Люси хотелось жить: тихо и незаметно, так, чтобы никуда не спешить и спать ночами. Она мечтала о покое, мечтала о тишине. Девушка понимала, что мечтам ее сбыться не суждено, что лондонское небо над головой всегда будет пепельно-серым, как будто прокуренным, воздух — душным и спертым, а сама она — почти без копейки в кармане и мало чем отличающейся от нищенок на улицах.
Сидя перед зеркалом и приводя в порядок макияж перед рабочим вечером, она вдруг вспомнила девушку, встреченную днем. Худая, в рваной и грязной одежде, она смотрела на проходивших мимо с мольбой. Люси протянула ей мятую купюру и заговорила с ней, остановившись.
— Много подают?
Девушка подняла на нее робкий взгляд голубых, пронзительных глаз. Люси оправила платок на плечах и прижала к груди пакет с хлебом — душистым и ароматным.

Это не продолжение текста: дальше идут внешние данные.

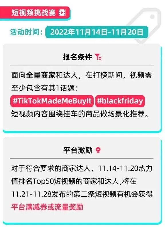 该活动面向全量商家和达人,在打榜期间,视频需至少包含有其中1个话题:#TikTokMadeMeBuylt、#blackfriday,短视频内容围绕挂车的商品做场景化推荐。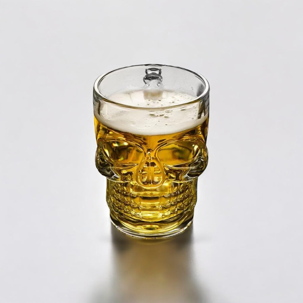 The Skull-Shaped Beer Glass Mug 400 ml is a distinctive choice for beer enthusiasts seeking both style and functionality. Made from high-quality glass, it showcases your beverage while featuring an intricately designed skull shape that adds a bold statement to any occasion. Its generous 500 ml capacity is ideal for a satisfying pour, and the sturdy construction ensures durability. This mug combines artistic craftsmanship with practical use, perfect for collectors or those looking to elevate their drinking experience with a unique touch.

— Меньше, чем обычно, — голос у нищенки был хрипловатый и усталый. — Даже буханки хлеба не купишь...
— Вот, держи, — Люси отломила щедрый кусок от своей буханки. Всю она не отдаст — Спайдер их держит почти на голодном пайке, да и тот грозится еще урезать. — Ты бы нашла работу. Копейки, конечно, а все лучше, чем мерзнуть на улице.
— У меня брат больной. Поправится — будут деньги, — мотнула она упрямо головой. Люси знала таких. Родные у них у всех умирали, и на ноги такие девочки уже не вставали, а приползали в тот или иной публичный дом или мерзли на улице. Если не берут никуда больше или платят меньше, чем нужно для выживания — только и остается, что панель.
— Приходи в "Красную крысу". Неплохо платят.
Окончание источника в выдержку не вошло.